• What to do: Make an exact copy of the entries, and keep any pictures out of it.

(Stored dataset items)

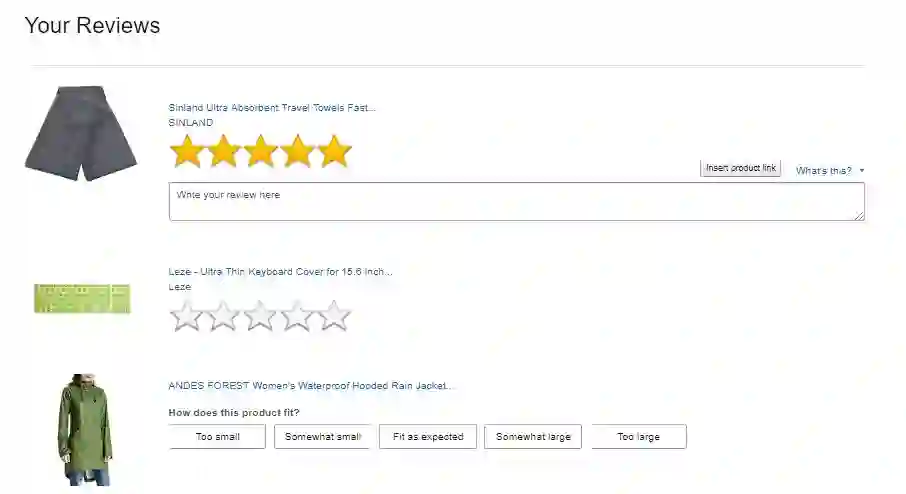 这封邮件的目标是:获得评论,你应该猜到了还有让购物者回到亚马逊的网站。如果我点击电子邮件中的一个星星,我就会被带到这个页面,在那里我可以写一段文本评论(并评论我其他购买的产品):
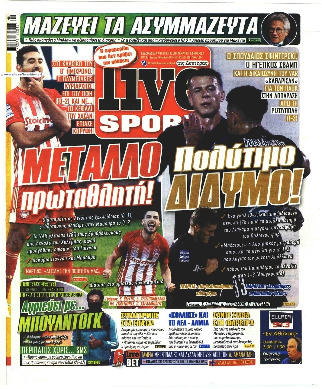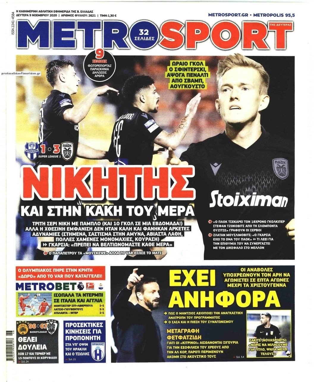 NewsMEDIA Διαβάστε όλα τα πρωτοσέλιδα των αθλητικών εφημερίδων της Δευτέρας 9 Νοεμβρίου 2020 FacebookXEmailViberWhatsAppCopy URLΤυπώνω Διαβάστε όλα τα πρωτοσέλιδα των αθλητικών εφημερίδων της Δευτέρας 9 Νοεμβρίου. Πλήρης ενημέρωση με μια γρήγορη ματιά!
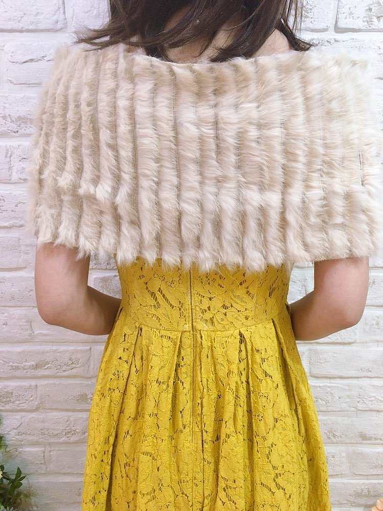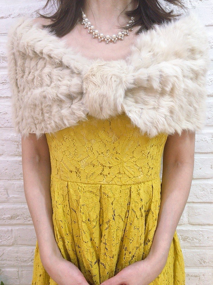 気品ある雰囲気にドレスアップを叶えるホワイトファーストール前部分がリボン型になっており、可愛らしい印象になります。
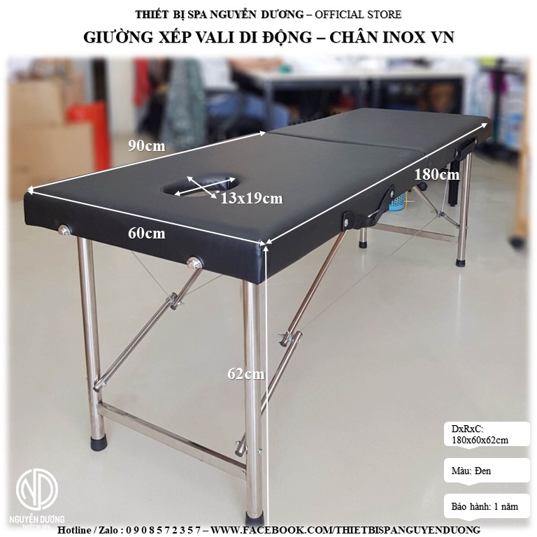 [Có Sẵn] Giường Xếp Vali Phun Xăm Chân Inox - Spa, Nối Mi, Phun Xăm, Tatoo, Massage Trị Liệu
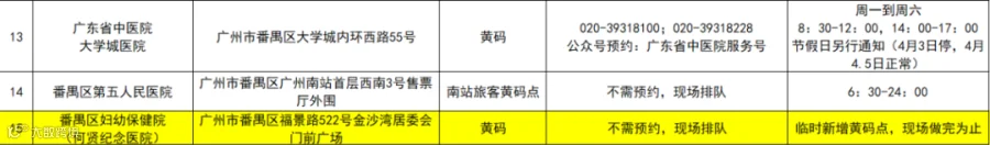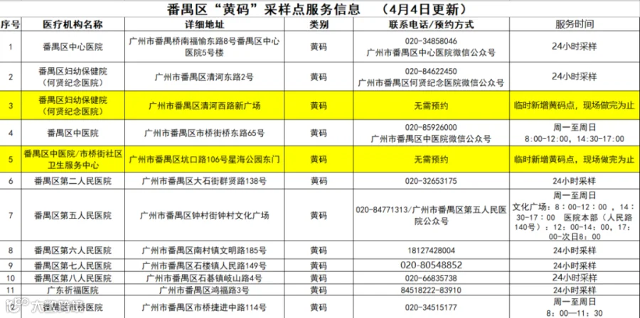 番禺区“黄码”检测服务汇总表
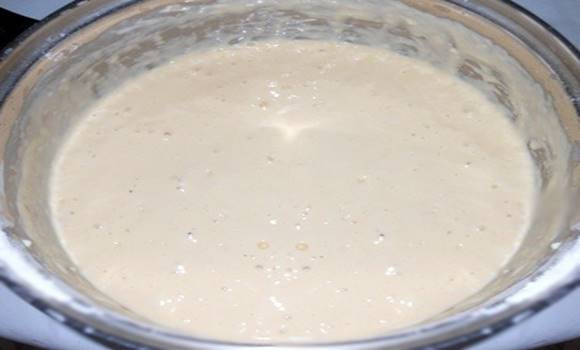 5.Amikor azt látod, hogy kis buborékok képződnek a massza felszínén, akkor foghatsz neki a sütéshez.
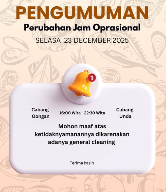 Perubahan ini kami lakukan dalam rangka pelaksanaan general cleaning menyeluruh di kedua restoran. Aktivitas bersih-bersih besar ini merupakan komitmen kami untuk terus menjaga standar kebersihan, kenyamanan, dan keselamatan yang tinggi bagi seluruh pelanggan tercinta.
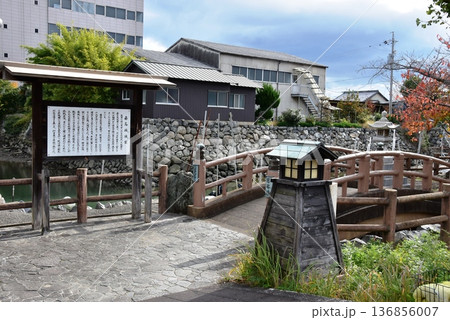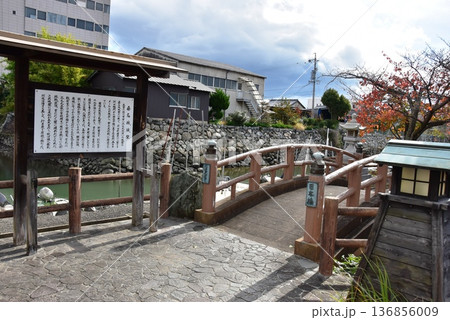 桑名市 歴史を語る公園の日本橋と案内板と紅葉
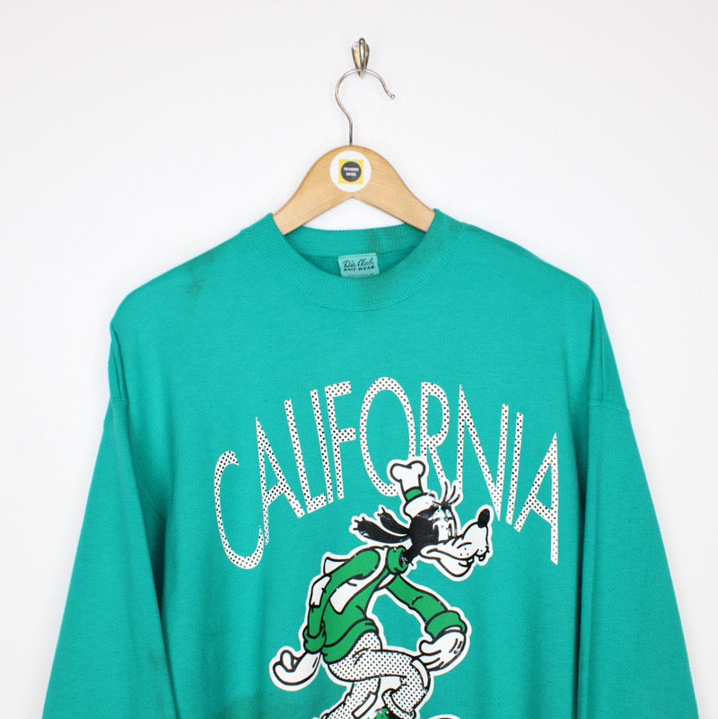 Vintage 00's Disney California USA Green Crew Neck Graphic Spellout Sweatshirt Jumper

• Expected answer:
 这封邮件的目标是:获得评论,你应该猜到了还有让购物者回到亚马逊的网站。如果我点击电子邮件中的一个星星,我就会被带到这个页面,在那里我可以写一段文本评论(并评论我其他购买的产品):
 NewsMEDIA Διαβάστε όλα τα πρωτοσέλιδα των αθλητικών εφημερίδων της Δευτέρας 9 Νοεμβρίου 2020 FacebookXEmailViberWhatsAppCopy URLΤυπώνω Διαβάστε όλα τα πρωτοσέλιδα των αθλητικών εφημερίδων της Δευτέρας 9 Νοεμβρίου. Πλήρης ενημέρωση με μια γρήγορη ματιά!
 気品ある雰囲気にドレスアップを叶えるホワイトファーストール前部分がリボン型になっており、可愛らしい印象になります。
 [Có Sẵn] Giường Xếp Vali Phun Xăm Chân Inox - Spa, Nối Mi, Phun Xăm, Tatoo, Massage Trị Liệu
 番禺区“黄码”检测服务汇总表
 5.Amikor azt látod, hogy kis buborékok képződnek a massza felszínén, akkor foghatsz neki a sütéshez.
 Perubahan ini kami lakukan dalam rangka pelaksanaan general cleaning menyeluruh di kedua restoran. Aktivitas bersih-bersih besar ini merupakan komitmen kami untuk terus menjaga standar kebersihan, kenyamanan, dan keselamatan yang tinggi bagi seluruh pelanggan tercinta.
 桑名市 歴史を語る公園の日本橋と案内板と紅葉
 Vintage 00's Disney California USA Green Crew Neck Graphic Spellout Sweatshirt Jumper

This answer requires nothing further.